Living with a Small Kitchen

Making a small kitchen work
This post contains affiliate links. All opinions are my own. Please see FCC disclosure for full information. Thank you for supporting this site!

When we began looking for a rural homestead, I knew that in order to afford land in our area, the house would necessarily be modest. I was completely okay with that...but I admit that a bigger kitchen was at the very top of my "must have" list. I felt my suburban kitchen didn't have enough storage or counter space. I was always struggling with having enough room to can and make three meals a day. What I wanted was a house with an old-fashioned "farmer's kitchen." You know what I mean: Tons of countertops, a walk-in pantry, and enough room to store pots, pans, bowls, and all the basic tools cooks really need.

Did I end up with any of that?
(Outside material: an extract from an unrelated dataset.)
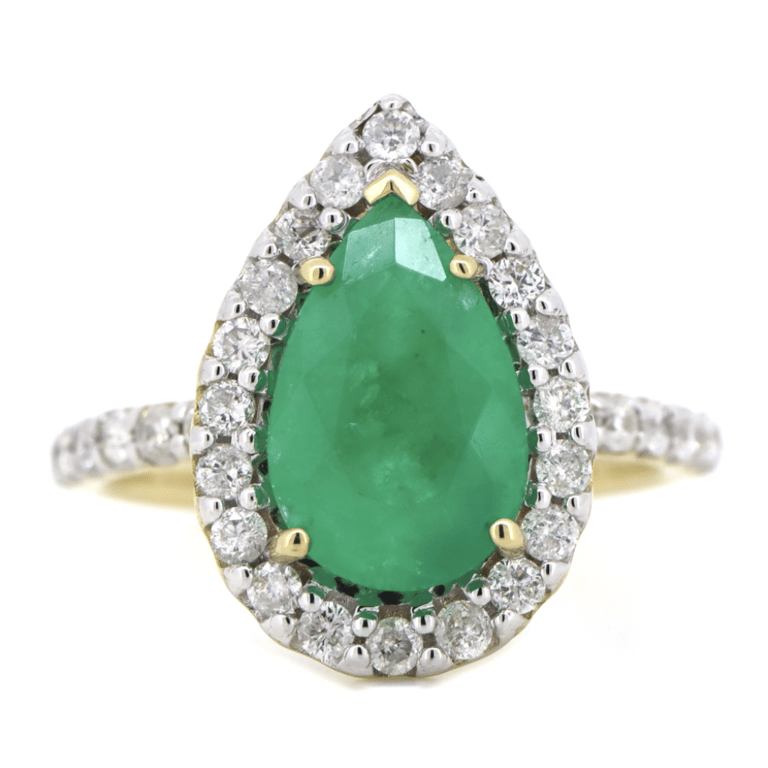 The Design Features, One Pear Cut, Medium Bluish-Green, Colombian Emerald (2.37Ct, Moderate Eye Visible Inclusions), Prong/Claw Set. Surrounding The Centre In A Halo And Decorating The Band Are, 34 Round Brilliant Cut, Diamonds (0.68Ct Tdw, J-K Colour, Si2-I2 Clarity), Micro-Claw Set In White Gold. Ring Size L 1/2.
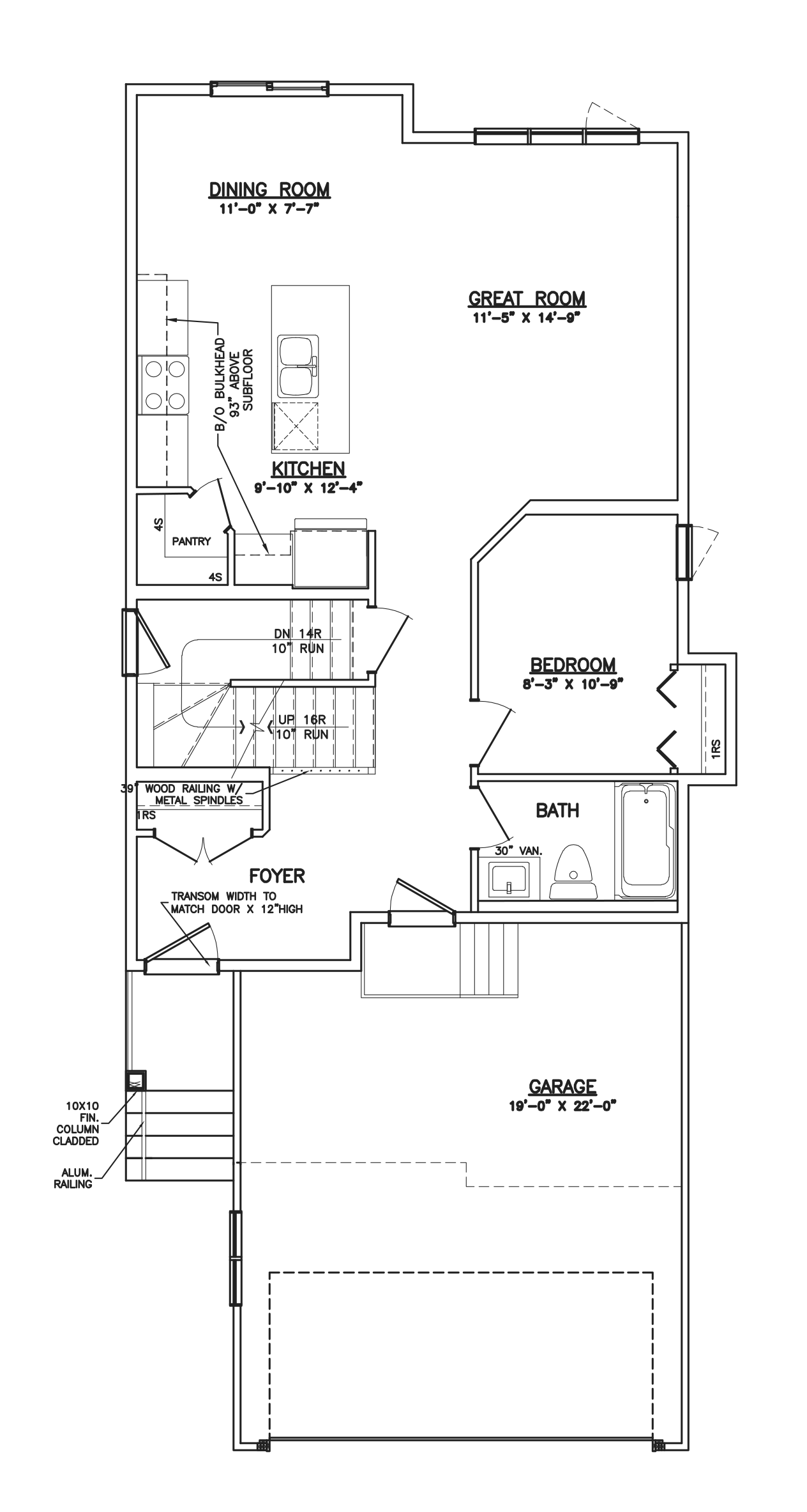 - Side entry to basement stairway

In fact, when, as prospective buyers, we walked into our current home, we immediately entered into the kitchen...and I went into a sort of shock. Not only was the kitchen smaller than my suburban kitchen, it was smaller than the kitchen I had when I was 18 years old and living in a New York City apartment! There was one short counter, two small cupboards without doors, a sink, a stove, and an oddly-placed dishwasher. (But at least there was a dishwasher, right?) I was so shocked by that kitchen, later I couldn't even remember if there was a refrigerator in it - or whether there was room for one!
The kitchen on move-in day.

Nevertheless, my husband convinced me we could make it work. We bought the house and property and, somehow, I do manage pretty well.

Do I still wish for more counter space? Yes. There have been a few times the food I was preparing ended up on the floor because I was trying to crowd things onto about 2 feet of workable counter space. Do I wish for more storage space? Absolutely! But I have plans, people. And then...I'm actually imagining we might not need to add on to the house to make the kitchen usable. (Shhhh! Don't tell my husband just yet! I could change my mind.)
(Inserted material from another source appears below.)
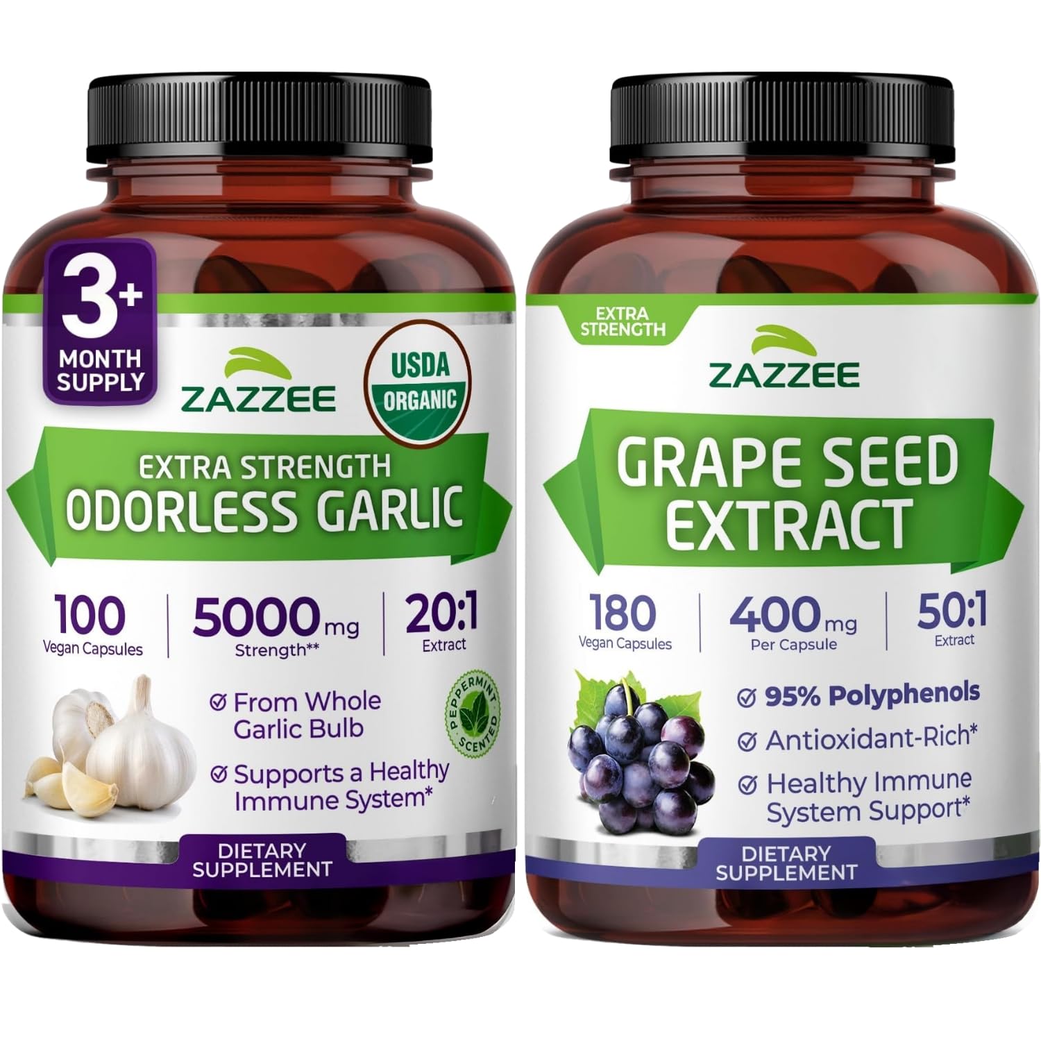 Zazzee Herbal Cardio Support Bundle | 50:1 Grape Seed Extract Capsules Plus USDA Organic Garlic Capsules | Non-GMO Vegan & ISO Lab Tested
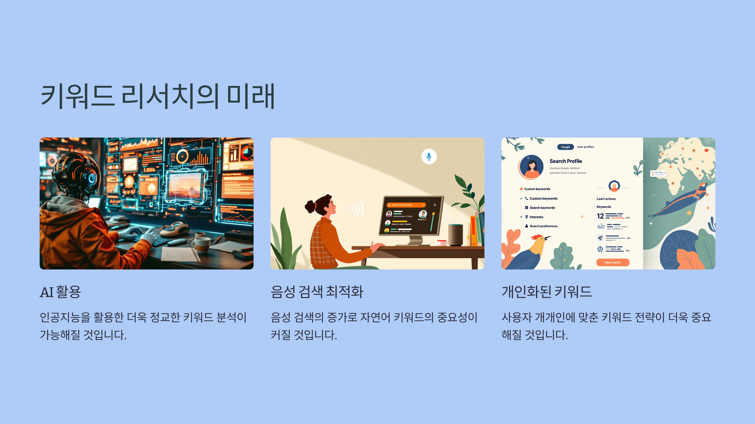 내가 생각했을 때 키워드 리서치는 단순히 검색량 높은 단어를 찾는 것을 넘어, 실제 사용자 의도와 그들의 문제를 해결하는 콘텐츠를 만드는 과정이에요. 키워드 리서치는 데이터 기반의 분석과 창의적인 접근 방식이 결합되어야만 진정한 효과를 발휘해요.

If you're stuck with a tiny kitchen like I am, here are some pointers to help make it work:

* Try to think positively. This kitchen is what you have right now. If you're clever, you can make it work better than you think. Consider it a challenge. And remember: Small kitchens means less to clean!
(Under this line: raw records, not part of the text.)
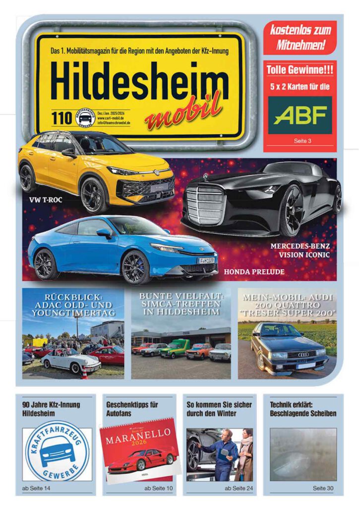 Die HILDESHEIMmobil Dezember/Januar 2025/26 (Nr. 110) wird derzeit an die Vertriebsstellen in der Region geliefert und steht hier zum Download bereit:
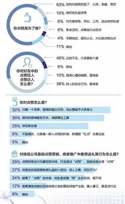 南京某事业单位员工宋玲说:“有一次,我在会议场合添加了一名微信‘好友’,散会后再没联系过。没想到,上个月他突然要我给他转发的一条促销信息点赞,说是集赞满额后商家送洗衣粉,我答应了;最近他又要我给某健身房的推广文章点赞,说集满100个赞可半价优惠,那次点赞之后,我就把他拉黑了。说实话,我真怕他过两天又来找我要赞。”
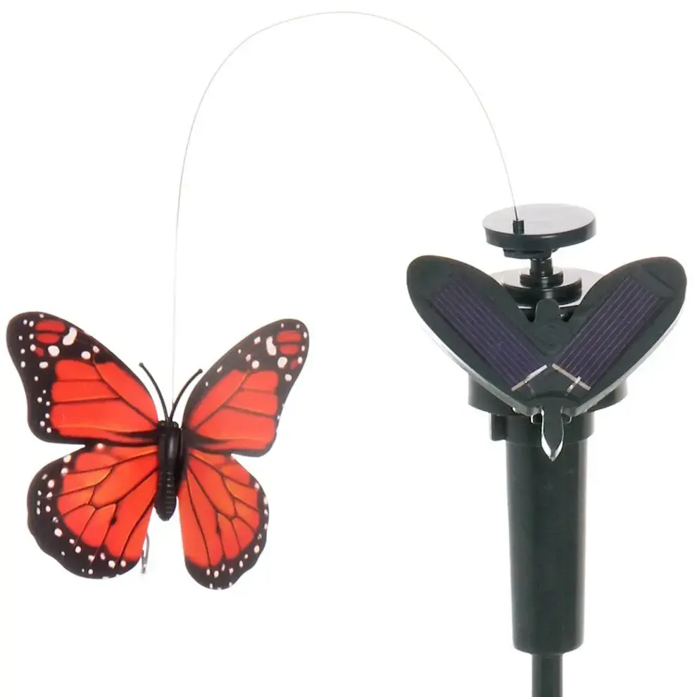 Фигура предназначена для установки в землю и работает на солнечной энергии, что делает её удобной и практичной. Просто вставьте шток в землю, и бабочка начнет двигаться при солнечном свете. Это идеальный выбор для тех, кто хочет украсить свой сад или приусадебный участок, а также для любителей оригинального декора.

* Be creative. Find ways to store items that are less than traditional; turn a dresser into a sideboard, use plastic drawers (like this) for utensils and towels, hang things on the wall or from the ceiling...

* Conversely, think traditional. Previous to the 19th century, kitchens were tiny and had very little storage. What did women of yore do to make those kitchens workable that you could incorporate into your modern kitchen? Maybe you could use a hanging basket system (like this) for onions and garlic, and a pot rack for pots, for instance.

* Clear off the counters. My big kitchen problem in suburbia was mostly that I had too many things on the countertops. This left very little space for me to chop, roll out, and otherwise do the work of cooking. Now I recommend putting small appliances on shelves or in closets or cupboards, taking them out only as needed. Follow this rule: Never put something on the counter that could easily go elsewhere. For instance, if your paper towel holder is on the countertop, hang it on the wall instead.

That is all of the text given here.